START DATA EXCERPTS

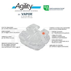 AGILITY Ceramic di G&H® Orthodontics realizzato in ceramica policristallina (Ceramic Injection Molded).
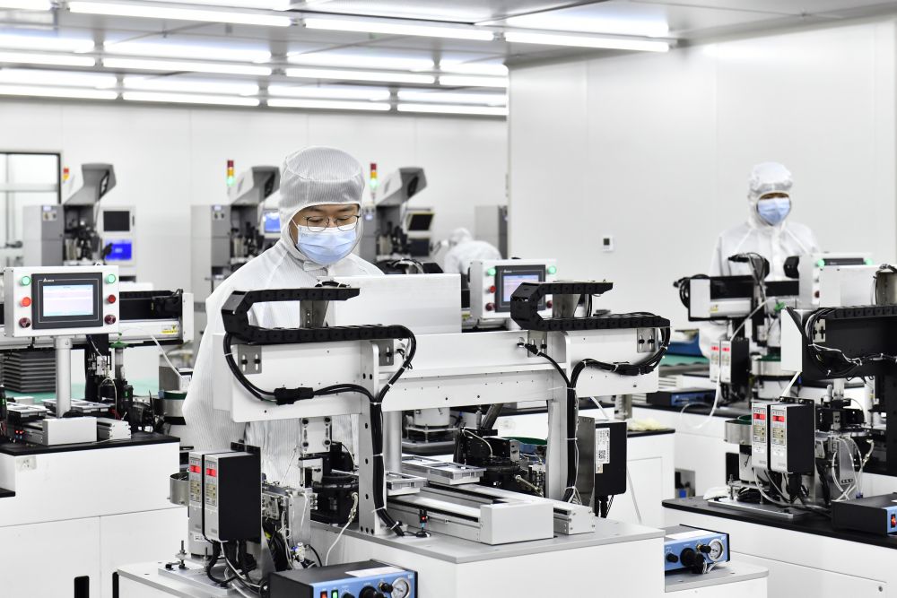 2023年6月29日,在山東省日照高新技術(shù)產(chǎn)業(yè)開(kāi)發(fā)區(qū)智慧微電產(chǎn)業(yè)園,工作人員在生產(chǎn)濾波器。新華社記者 郭緒雷 攝
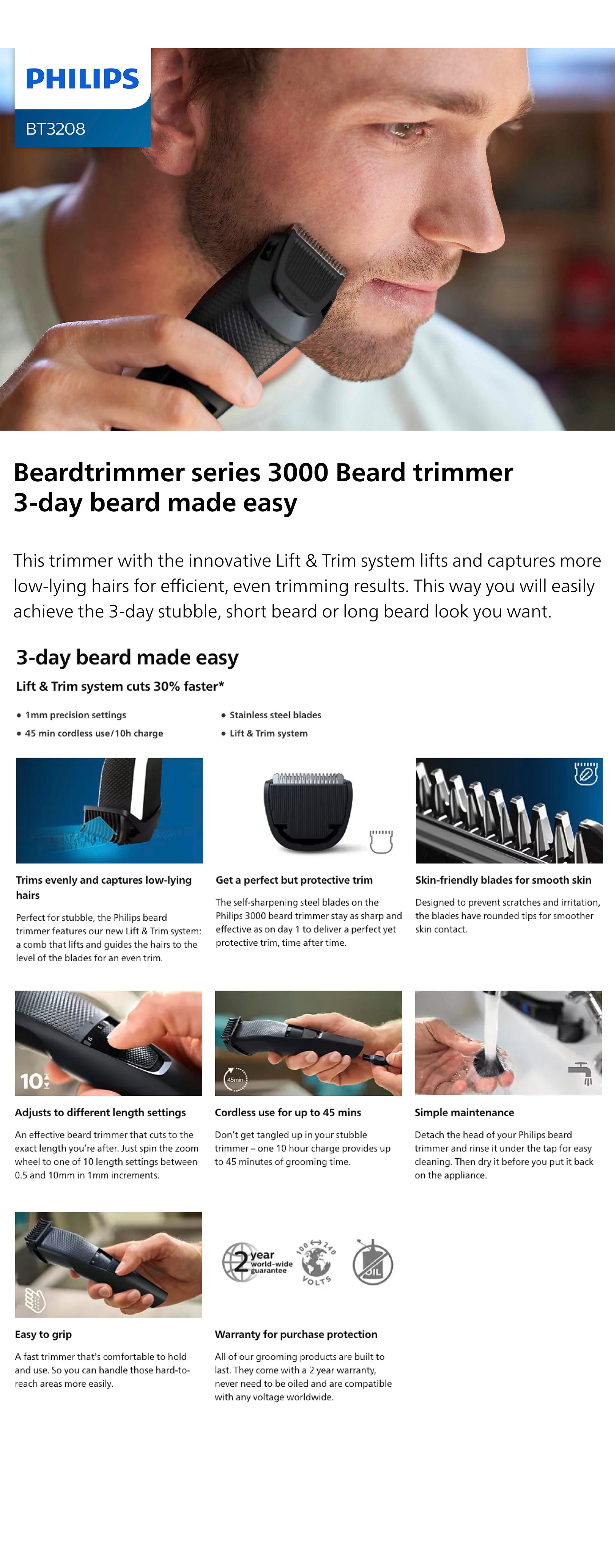 Philips Beardtrimmer series 3000 BT3208/13, is a trimmer with the innovative Lift & Trim system lifts and captures more low-lying hairs for efficient, even trimming results. This way you will easily achieve the 3-day stubble, short beard or long beard look you want.
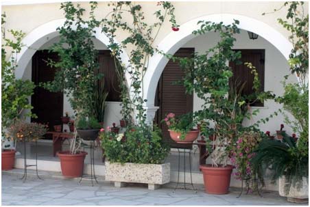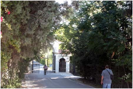 У самой арки Святой Георгий изображен на мозаичной иконе. Еще одна встреча с православным воином ожидает посетителей в маленькой предвратной церкви Святого Георгия, утопающей в бело-сиреневой купели цветущих деревьев и находящейся справа от дороги, ведущей к монастырскому комплексу. Здесь с иконы взирают святые Георгий и Димитриу, сидящие на конях.
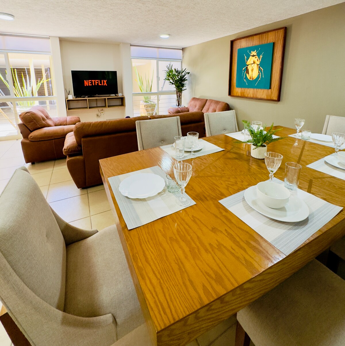 Nous nous efforçons principalement de nettoyer avec professionnalisme, notre objectif n'est pas d'être le moins cher de Morelia mais le plus propre et le plus sûr pour que vous voyagiez en toute tranquillité et nous connaissons vos besoins, c'est pourquoi nous cherchons à dépasser les normes. Vous serez proche de tout si vous séjournez dans ce logement central à quelques pas des Américas et sur l'avenue Acueducto. Avec votre réservation, vous aurez des vélos sous réserve de disponibilité pour découvrir la ville.
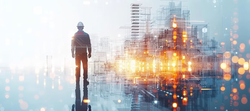 A construction worker stands in a partially renovated space, gazing out at a city skyline as the sun sets, casting warm light through the windows.
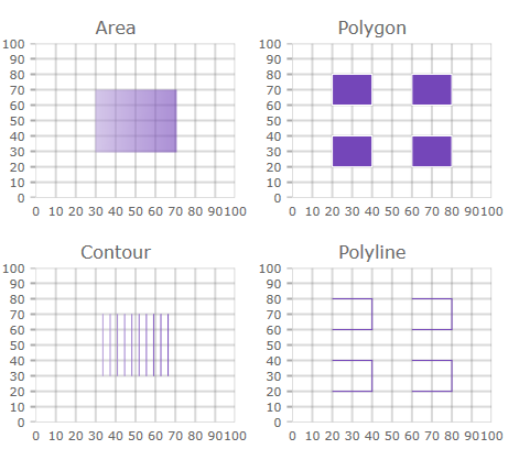The igShapeChart is a lightweight, highly performant chart. This chart can be easily configured to display scatter X/Y points, shape files or any custom shape that you can define using an array of arrays of X/Y points. The igShapeChart control is using a smart data adapter in order to analyze bound data and select an appropriate visualization to render. However, it is possible to specify which chart type the igShapeChart will use by setting the chartType property to one of the following values: Area,Bubble,Contour,HighDensity,Point,Line, Spline, Polygon, or Polyline.
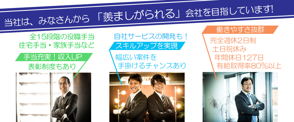 ・【未経験歓迎】未経験入社90%、丁寧な研修+シスター制度で安心スタート ・【働きやすさ】月平均残業わずか10時間、完全週休2日制+年間休日120日 ・【長期休暇】年3回(最大12連休)、リフレッシ...
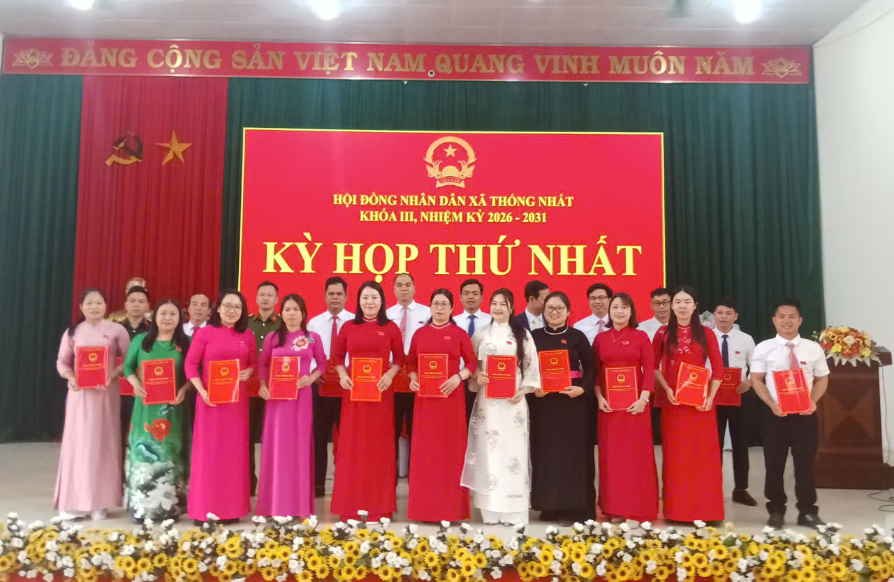 Với tinh thần đoàn kết, dân chủ, kỷ cương và đổi mới, Kỳ họp thứ Nhất Hội đồng nhân dân xã Thống Nhất nhiệm kỳ 2026 - 2031 đã thành công tốt đẹp, tạo tiền đề vững chắc cho việc thực hiện thắng lợi các mục tiêu, nhiệm vụ trong cả nhiệm kỳ.
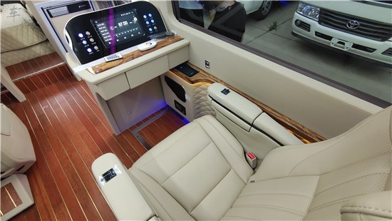 丰田考斯特11座在原车的基础上进行了外在的装饰和内饰设计的改装。首先就是在车内座椅的设计上,丰田考斯特11座改装商务车在座椅的设计上有很多种不同的方案设计,因为原车的座椅太简单,所以我们可以给座椅包真皮,真皮有米色和棕色两种不同的选择,我们可以根据自己的喜好完成我们的私人定制。同样360度可旋转首长席搭配舒适高大的办公桌,可以将丰田考斯特打造成最舒适的移动办公室。
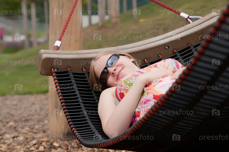 Молодая беременная женщина, лежащая в гамаке на открытом воздухе
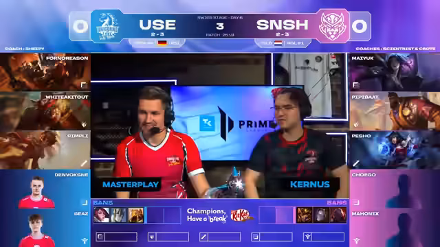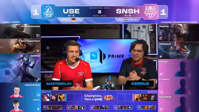 07:02:51Das dritte Spiel zwischen Unicorns of Love und Shenji Esports ist ein Ausscheidungsduell. Das Verliererteam scheidet aus dem Turnier aus, der Sieger qualifiziert sich für die letzte Runde der Swiss Stage. Der Draft im Fearless-Modus wird als sehr hart und tough beschrieben. Die Unicorns streben an, ihre Siegesserie mit einem starken Draft mit For No Reason fortzusetzen, während die Deutschen auf ein mögliches Duell gegen Los Ratonus hoffen.
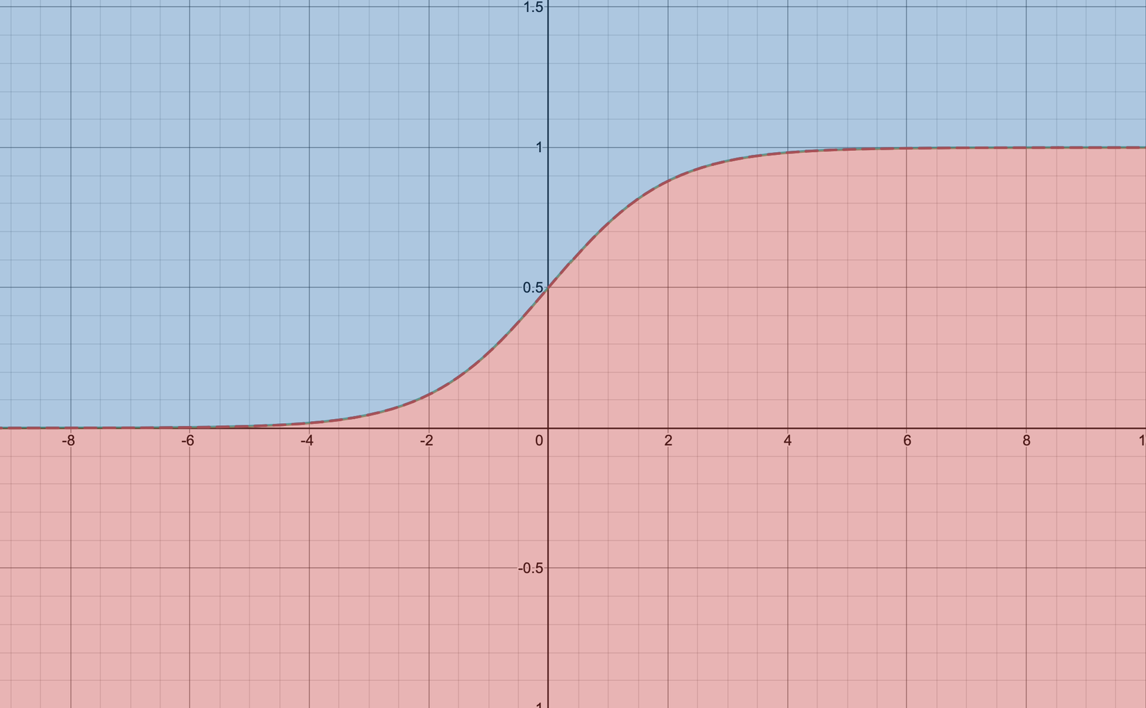 - Giả sử như hàm sigmoid được dùng để thêm sự phi tuyến tính, phân lớp như trên cho các điểm ở mục đỏ có giá trị , và ngược lại ở vùng xanh; trong khi ở bài toán phân lớp tuyến tính khi sử dụng sigmoid để tạo ra xác suất, chúng ta phân lớp bằng cách so sánh giá trị kết quả với .
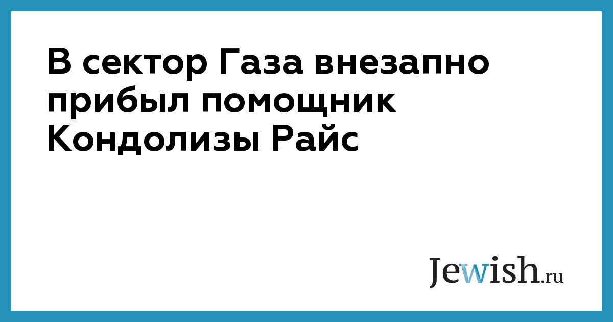 В сектор Газа внезапно прибыл помощник Кондолизы Райс
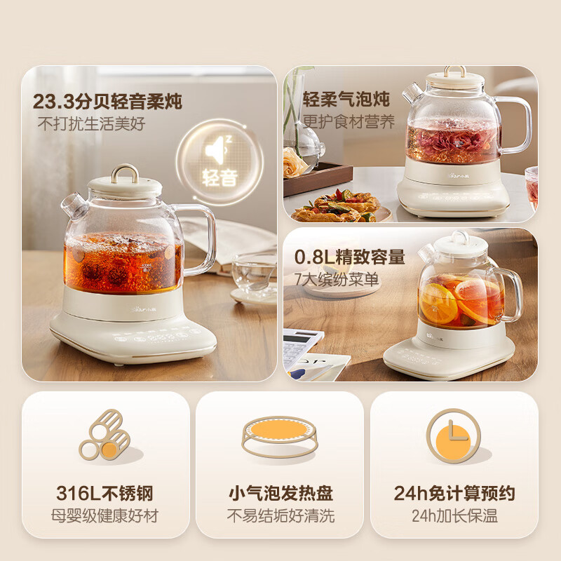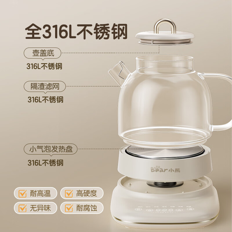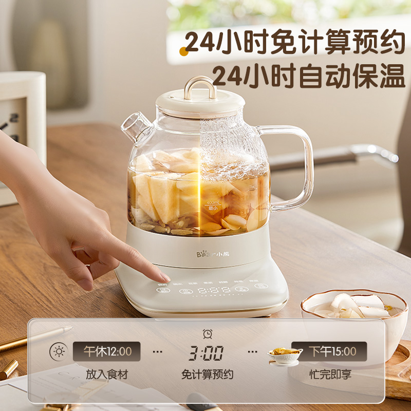 天猫小熊全玻璃养生壶小型办公室mini恒温水壶多功能迷你煮茶壶新款
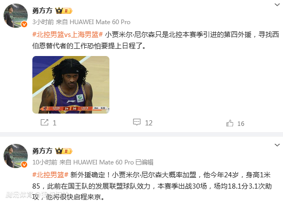 有消息称,北控男篮引进了小贾米尔·尼尔森,今年24岁,身高1米85,此前在国王队的发展联盟球队效力,本赛季出战30场,场均18.1分3.1次助攻,他将很快启程来京。
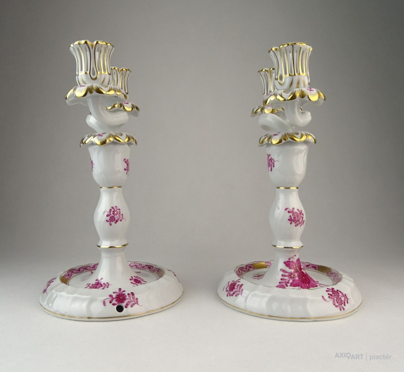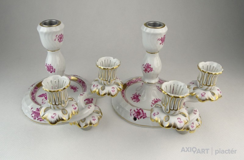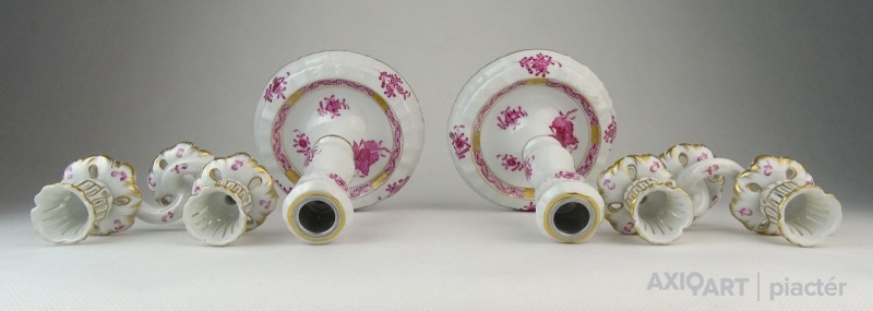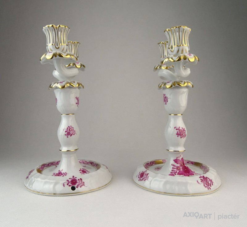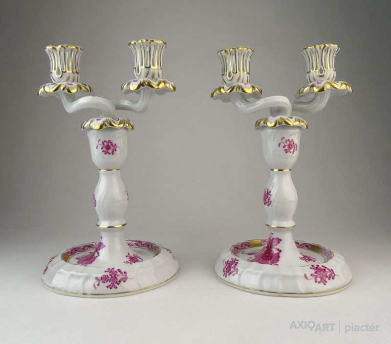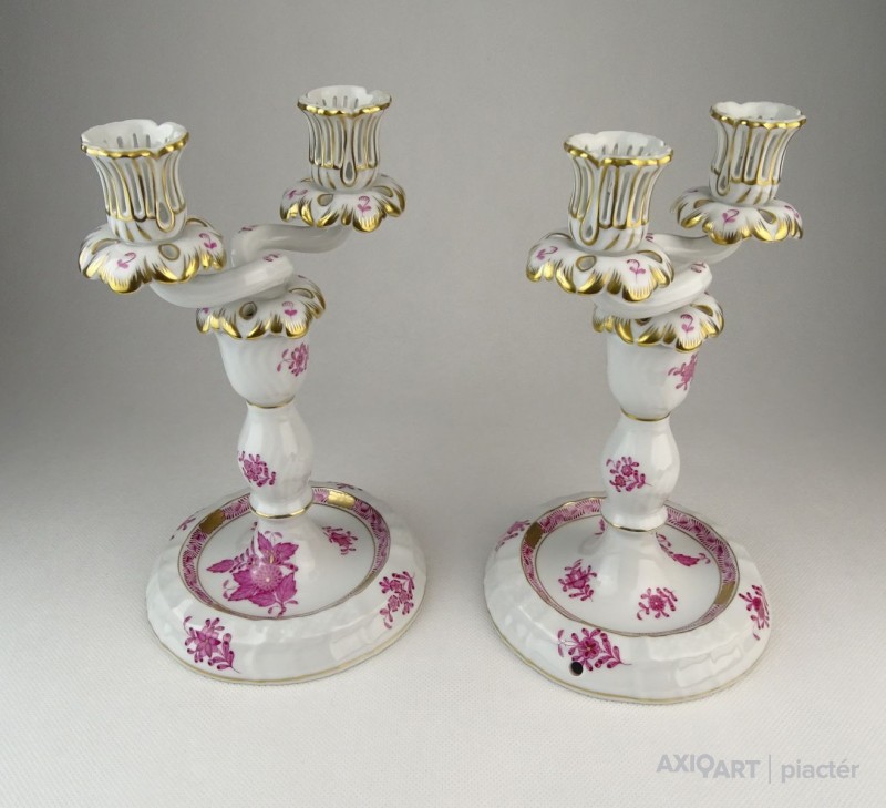 Hibátlan állapotú, talpas lila Apponyi mintás Herendi porcelán gyertyatartó páros. Egyes és kettes pozícióban is használható. Aranyozása is kopásmentes, ajándékozható állapotban van.
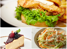 Burger de cabillaud façon Fish and chips, Mayonnaise au curry et frites maison, Salade coleslaw, Cheese-cake aux spéculos et aux fruits rouges. -
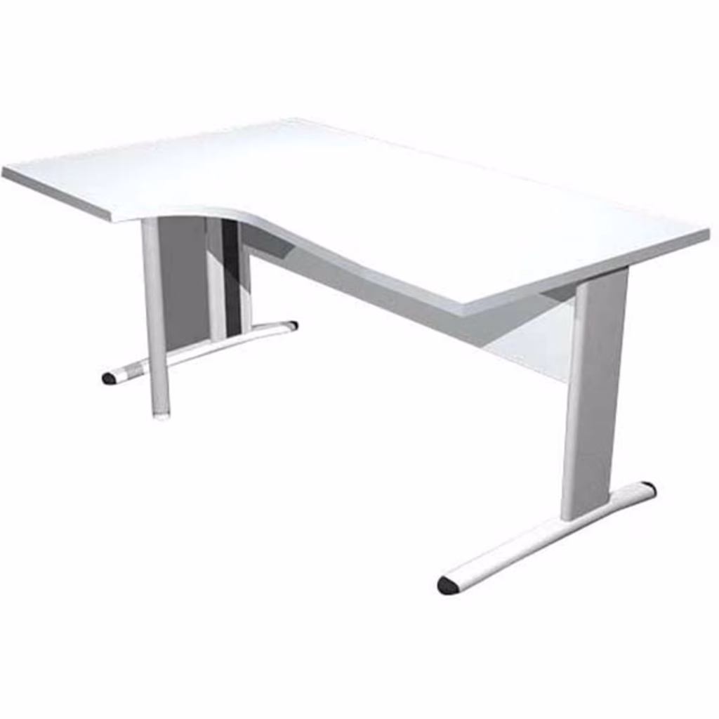 Scrivanie con dimensioni conformi alle normative sulla sicurezza dei posti di lavoro in ufficio. BORDATURA dei piani in ABS 3 mm ANTISHOCK ed assenza di spigoli vivi. Le scrivanie in metallo ad L verniciata in grigio alluminio completi di piedini regolabili in altezza e canalina passacavi ispezionabile. Piani scrivania sp. 22 mm. e controventatura sp. 18 mm. Scrivanie con sagomatura a destra o sinistra:  160 x 60/80/100 x 72h cm
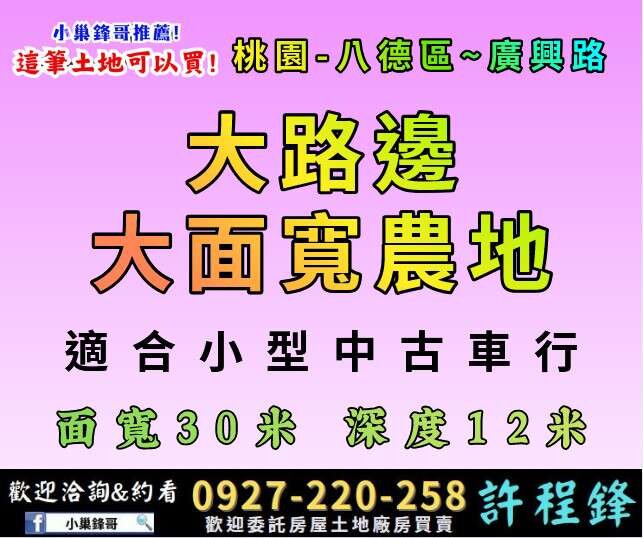 #八德農地 #廣興路農地 #中古車行用地 #大面寬土地 #桃園投資土地 #車行首選 #八德不動產 #臨路農地 #收租置產

END DATA EXCERPTS

ASSIGNMENT: Starting at the line containing "A construction worker" and stopping at the line containing "丰田考斯特11座在原车的基础", output every line above exactly, both ends included, with pictures omitted.

SOLUTION TO THIS PROBLEM:
 A construction worker stands in a partially renovated space, gazing out at a city skyline as the sun sets, casting warm light through the windows.
The igShapeChart is a lightweight, highly performant chart. This chart can be easily configured to display scatter X/Y points, shape files or any custom shape that you can define using an array of arrays of X/Y points. The igShapeChart control is using a smart data adapter in order to analyze bound data and select an appropriate visualization to render. However, it is possible to specify which chart type the igShapeChart will use by setting the chartType property to one of the following values: Area,Bubble,Contour,HighDensity,Point,Line, Spline, Polygon, or Polyline.
 ・【未経験歓迎】未経験入社90%、丁寧な研修+シスター制度で安心スタート ・【働きやすさ】月平均残業わずか10時間、完全週休2日制+年間休日120日 ・【長期休暇】年3回(最大12連休)、リフレッシ...
 Với tinh thần đoàn kết, dân chủ, kỷ cương và đổi mới, Kỳ họp thứ Nhất Hội đồng nhân dân xã Thống Nhất nhiệm kỳ 2026 - 2031 đã thành công tốt đẹp, tạo tiền đề vững chắc cho việc thực hiện thắng lợi các mục tiêu, nhiệm vụ trong cả nhiệm kỳ.
 丰田考斯特11座在原车的基础上进行了外在的装饰和内饰设计的改装。首先就是在车内座椅的设计上,丰田考斯特11座改装商务车在座椅的设计上有很多种不同的方案设计,因为原车的座椅太简单,所以我们可以给座椅包真皮,真皮有米色和棕色两种不同的选择,我们可以根据自己的喜好完成我们的私人定制。同样360度可旋转首长席搭配舒适高大的办公桌,可以将丰田考斯特打造成最舒适的移动办公室。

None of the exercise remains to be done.